TOP ABSTRACT INTRODUCTION EXPERIMENTAL PROCEDURES RESULTS DISCUSSION REFERENCES

 
Preparation of SR Vesicles—The SR microsomes were prepared from rabbit back paraspinous and hind leg skeletal muscles (Pel-Freez Biologicals, Rogers, AR) using the method of differential centrifugation described previously (35).

Domain Peptide and Site-specific Antibody—We used a domain peptide (DP4) corresponding to Leu²⁴⁴²–Cys²⁴⁷⁷ of RyR1 both as a channel-activating reagent and as a site-directed carrier to incorporate the fluorescence probe MCA into RyR1. The peptide was synthesized on an Applied Biosystems Model 431A synthesizer, purified by reversed-phase high-pressure liquid chromatography, and evaluated by mass spectroscopy. To localize the DP4-binding site within the primary structure of RyR1, the site-specific anti-DP1 (Leu⁵⁹⁰–Cys⁶⁰⁹), anti-DP4 (Leu²⁴⁴²–Cys²⁴⁷⁷), and anti-DP3 (Asp³²⁴–Val³⁵¹) polyclonal antibodies were used (31).

Site-specific MCA Labeling at the DP4-binding Site of RyR1—Site-specific fluorescence labeling of the DP4-binding sites on RyR1 in skeletal muscle SR was performed using the cleavable heterobifunctional cross-linking reagent sulfosuccinimidyl 2-(7-azido-4-methylcoumarin-3-acetamido)ethyl-1, 3'-dithiopropionate (SAED) (36).

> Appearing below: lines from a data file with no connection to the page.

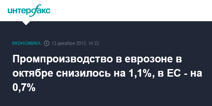 12 декабря. FINMARKET.RU - Объем промышленного производства в еврозоне в октябре 2013 года упал на 1,1% по сравнению с предыдущим месяцем, когда его снижение составляло 0,2%, свидетельствуют данные Статистического управления Европейского союза (Eurostat). Октябрьское сокращение оказалось самым значительным с сентября 2012 года.
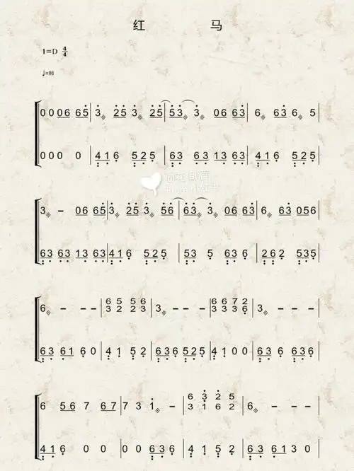 红马-我在江南撒把欢多无邪-抖音五线谱预览3
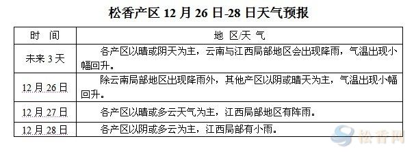松香產(chǎn)區(qū)12月26日-28日天氣預報
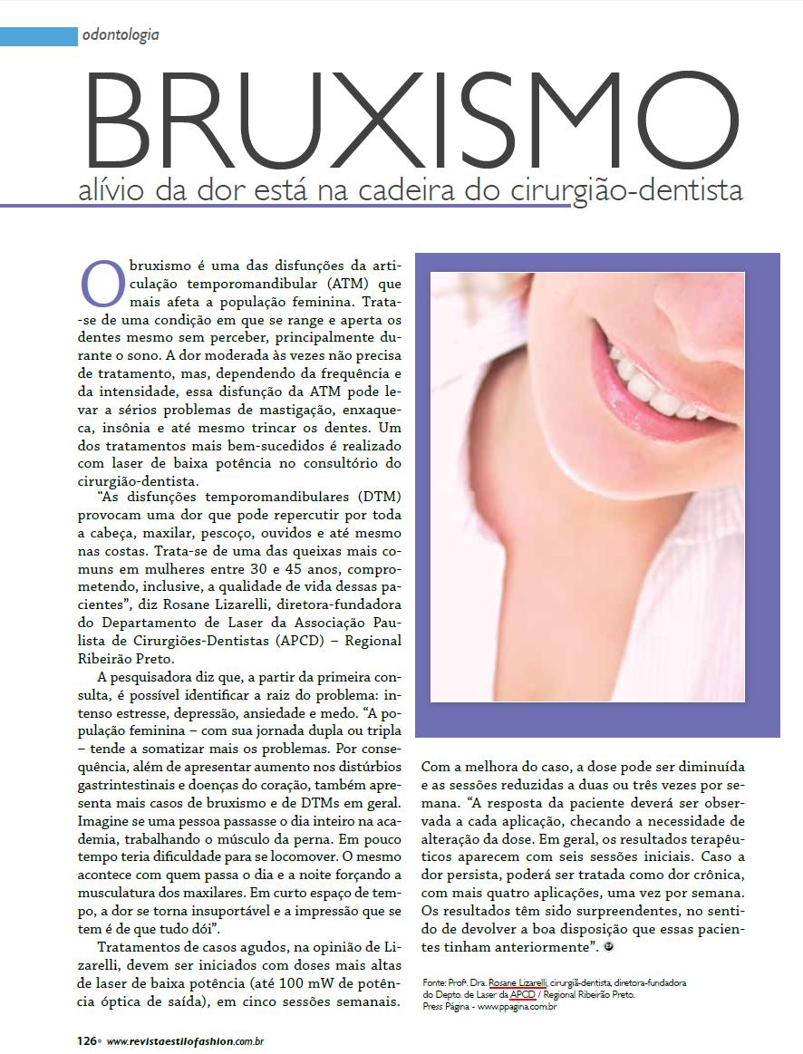 Clipping REVISTA ESTILO FASHION - Bruxismo, alívio da dor está na cadeira do cirurgião-dentista 20/07/2012
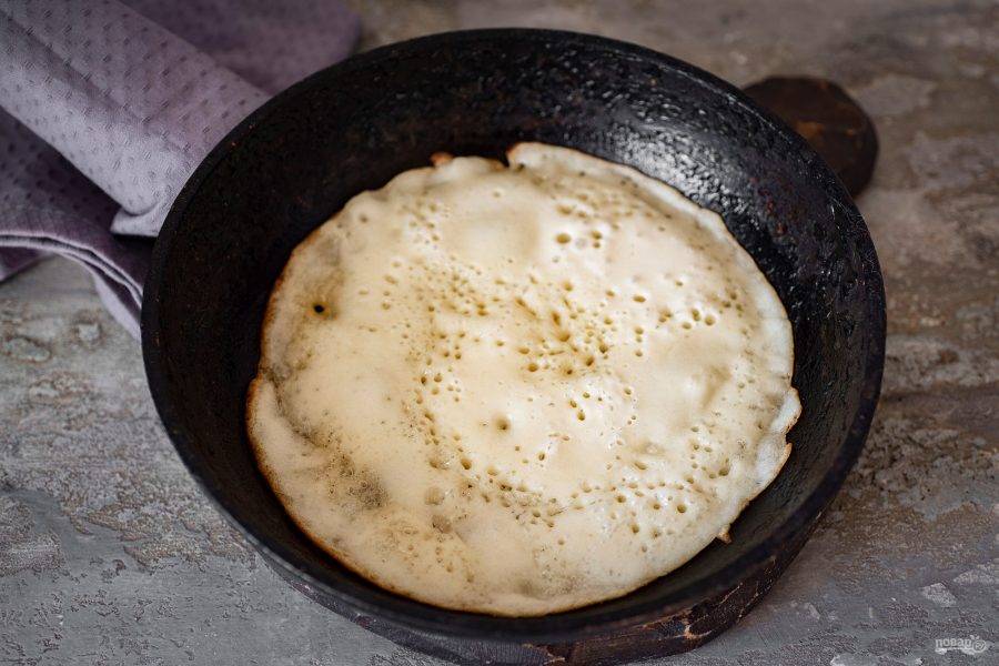 Смажьте сковороду растительным маслом и выпекайте блинчики с двух сторон до появления золотистого оттенка.
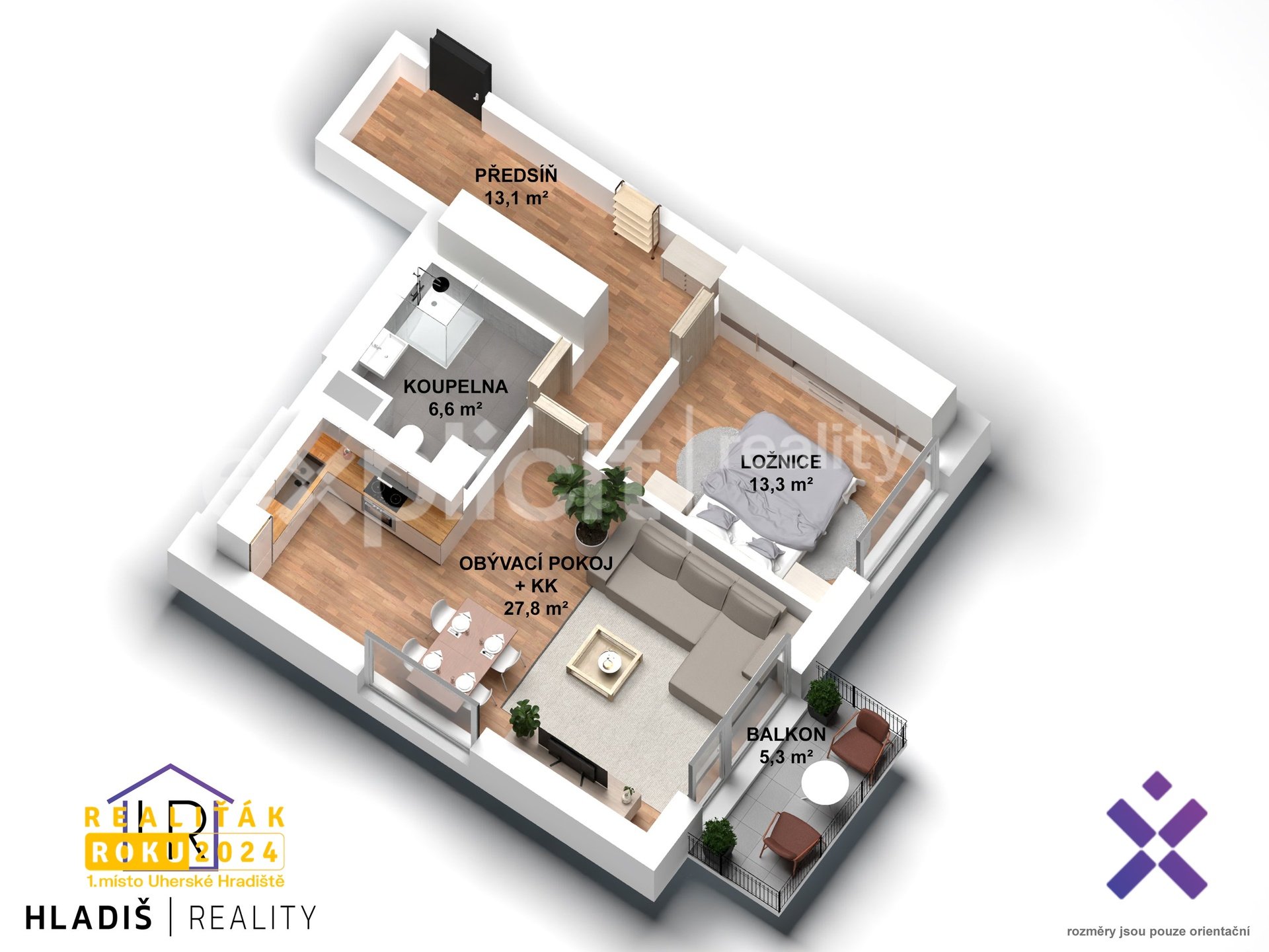 – obývací pokoj s kuchyňským koutem, oddělenou ložnicí, předsíň, koupelnu s WC, balkon a samostatný sklep v 1. NP
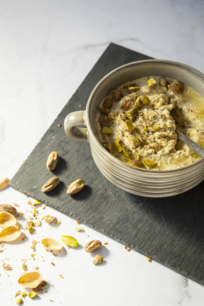- Enfin, ajoutez les pistaches concassées. Goutez et ajustez l’assaisonnement en sel, poivre et épices, à votre convenance et mélangez. Puis transvasez ce houmous dans un bol et placez-le au réfrigérateur jusqu’à l’heure de l’apéritif…
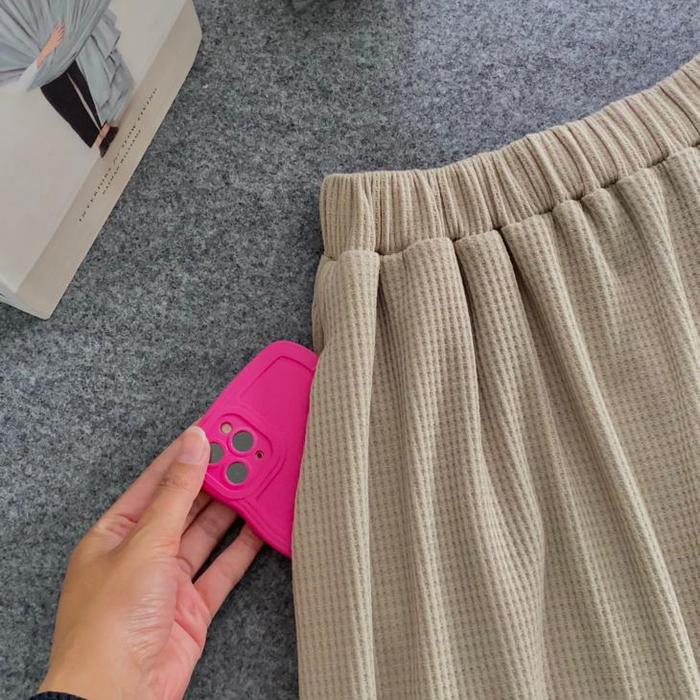 Hana Skirt | Rok Wanita Pinggang Karet | Rok Line A Bahan Knit Premium - Grey, Besar
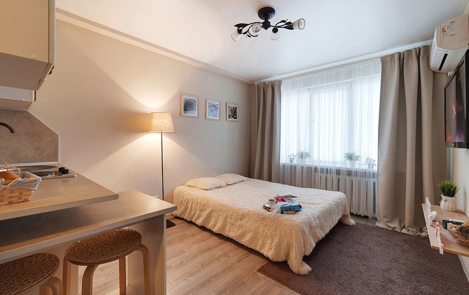 Внутреннее пространство оформлено в стиле современного евроремонта с вниманием к каждой детали. Спальное место представлено удобным раскладным диваном-кроватью. Кухня полностью оборудована для приготовления пищи: есть варочная поверхность, микроволновая печь, а также вся необходимая посуда и столовые приборы. В совмещенном санузле установлена душевая кабина и стиральная машина. К приезду гостей подготовлены чистое постельное белье, полотенца, фен и средства гигиены. В числе приятных мелочей — чай и кофе для спокойного утра. В распоряжении гостей также телевизор с диагональю 40 дюймов, кабельное телевидение и стабильный беспроводной интернет.
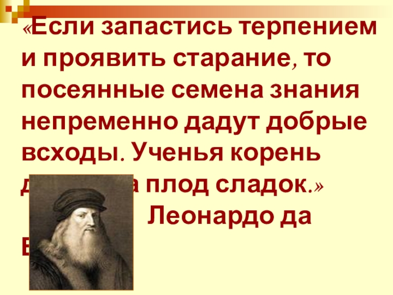 «Если запастись терпением и проявить старание, то посеянные семена знания непременно

Localization of the Site of MCA Attachment within the RyR—MCA-labeled RyR1 was purified from fluorescently labeled SR using heparin and hydroxylapatite affinity columns as described by Inui and Fleischer (37). MCA-labeled RyR1 was digested with trypsin (1:100, 1:10 trypsin/protein ratio) at 22 °C for 45 min, and the resultant tryptic fragments were analyzed for fluorescence after SDS-PAGE on 8% polyacrylamide gels. For Western blot analysis, tryptic fragments were transferred to Immobilon-P membranes (Millipore Corp., Bedford, MA) at 90 V in 10% methanol and 10 mM CAPS (pH 11.0) at 4 °C. The blots were developed with anti-DP1, anti-DP3, and anti-DP4 primary antibodies and peroxidase-conjugated secondary antibodies.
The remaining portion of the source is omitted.